Action item
Here the job is to transcribe the data exactly while omitting the images.

=== Provided data ===

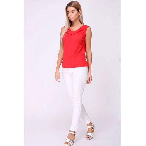 Top color Rouge REVD’ELLE, Craquez pour cette jolie blouse sans manche en tissu rouge. Col tombant et coupe près du corps. Très féminin ce top est idéal pour une tenue habillée et chic. Bi matière très confortable et agréable à porter., Sa longueur est d’environ 55cm. Top composé à AVANT 93% polyester 7% elasthanne DOS 95% viscose 5% elasthanne., Fabriqué en France , ,
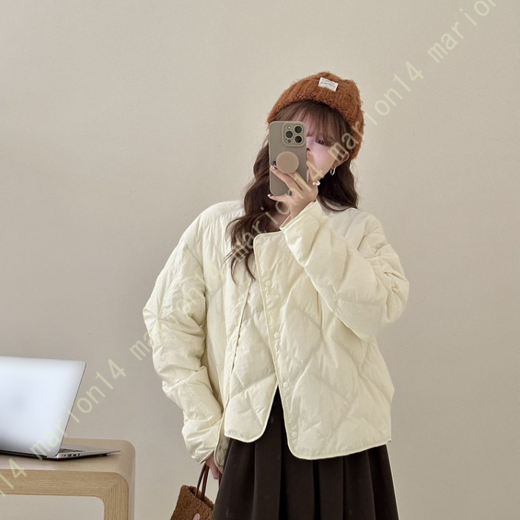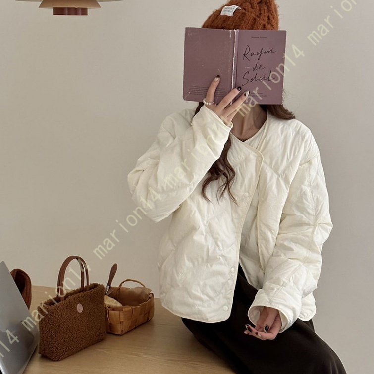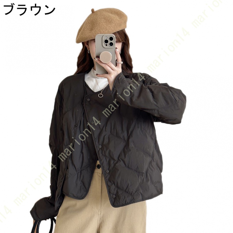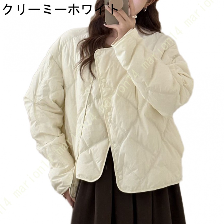 ノーカラー ショート 丈 ダウンコート オフィス カジュアル ビジネス 母 ママ 秋 冬 ダウンジャケット おしゃれ 防寒対策 大人可愛い 大きいサイズ防風 軽量
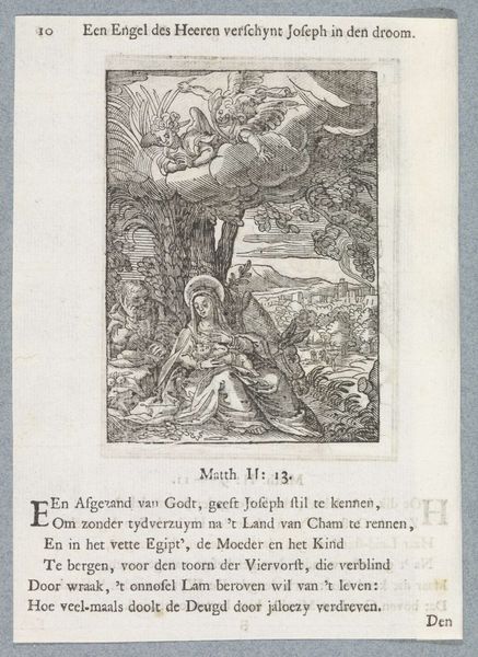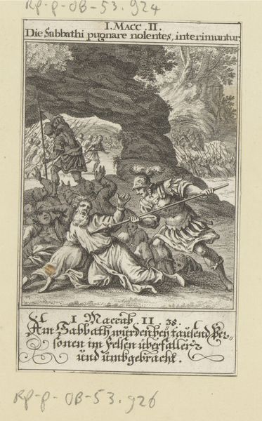 Curator: We’re looking at "The Death of Absalom," an engraving dating roughly from 1645 to 1740. It is currently held at the Rijksmuseum. Editor: The starkness of the black and white really emphasizes the tragedy unfolding. It's quite a violent image, made all the more disturbing by the detail crammed into such a small space. Curator: Indeed. The artist, Christoffel van Sichem II, vividly depicts the biblical story of Absalom's demise. Note how Absalom, suspended by his hair in the oak tree, becomes a visual metaphor for the consequences of ambition and rebellion. The story in 2 Samuel underscores themes of fractured loyalty. Editor: And it is important to consider the very patriarchal, almost feudal power dynamic at play in the history painting itself. His act of rebellion is viewed, obviously, within the constraints of loyalty and hierarchy—yet the act itself reads like an inevitable conclusion to generations of power struggles and abuse. What symbols, or compositional strategies point to that reading, to you? Curator: Well, the positioning of the figures—Absalom hanging vulnerably while Joab and his men are poised with spears—certainly emphasizes the brutal assertion of power. The oak itself carries layers of meaning. While trees in art are often symbolic of nature or refuge, here, the oak becomes an instrument of divine justice, ensnaring Absalom and leading to his downfall. Also, the sharp angles and lines certainly evoke the story's harsh conclusion. Editor: It is difficult for me to overlook how the engraver's deliberate use of linear composition also emphasizes the role of power—all that visual rigidity that evokes, for me, very deliberate patriarchal oppression, as though everything here should return to a predestined status quo. And so often this is how the oppressed end up. In the end. Stuck between tree limbs. Curator: And perhaps within that act of rebellion and divine retribution, it exposes the fragility of a patriarchal order, destined to constantly self-destruct… Editor: Leaving us only with tragic portraits and the bare branches of symbolic oak trees. Curator: Food for thought.

===

Response area
 Top color Rouge REVD’ELLE, Craquez pour cette jolie blouse sans manche en tissu rouge. Col tombant et coupe près du corps. Très féminin ce top est idéal pour une tenue habillée et chic. Bi matière très confortable et agréable à porter., Sa longueur est d’environ 55cm. Top composé à AVANT 93% polyester 7% elasthanne DOS 95% viscose 5% elasthanne., Fabriqué en France , ,
 ノーカラー ショート 丈 ダウンコート オフィス カジュアル ビジネス 母 ママ 秋 冬 ダウンジャケット おしゃれ 防寒対策 大人可愛い 大きいサイズ防風 軽量
 Curator: We’re looking at "The Death of Absalom," an engraving dating roughly from 1645 to 1740. It is currently held at the Rijksmuseum. Editor: The starkness of the black and white really emphasizes the tragedy unfolding. It's quite a violent image, made all the more disturbing by the detail crammed into such a small space. Curator: Indeed. The artist, Christoffel van Sichem II, vividly depicts the biblical story of Absalom's demise. Note how Absalom, suspended by his hair in the oak tree, becomes a visual metaphor for the consequences of ambition and rebellion. The story in 2 Samuel underscores themes of fractured loyalty. Editor: And it is important to consider the very patriarchal, almost feudal power dynamic at play in the history painting itself. His act of rebellion is viewed, obviously, within the constraints of loyalty and hierarchy—yet the act itself reads like an inevitable conclusion to generations of power struggles and abuse. What symbols, or compositional strategies point to that reading, to you? Curator: Well, the positioning of the figures—Absalom hanging vulnerably while Joab and his men are poised with spears—certainly emphasizes the brutal assertion of power. The oak itself carries layers of meaning. While trees in art are often symbolic of nature or refuge, here, the oak becomes an instrument of divine justice, ensnaring Absalom and leading to his downfall. Also, the sharp angles and lines certainly evoke the story's harsh conclusion. Editor: It is difficult for me to overlook how the engraver's deliberate use of linear composition also emphasizes the role of power—all that visual rigidity that evokes, for me, very deliberate patriarchal oppression, as though everything here should return to a predestined status quo. And so often this is how the oppressed end up. In the end. Stuck between tree limbs. Curator: And perhaps within that act of rebellion and divine retribution, it exposes the fragility of a patriarchal order, destined to constantly self-destruct… Editor: Leaving us only with tragic portraits and the bare branches of symbolic oak trees. Curator: Food for thought.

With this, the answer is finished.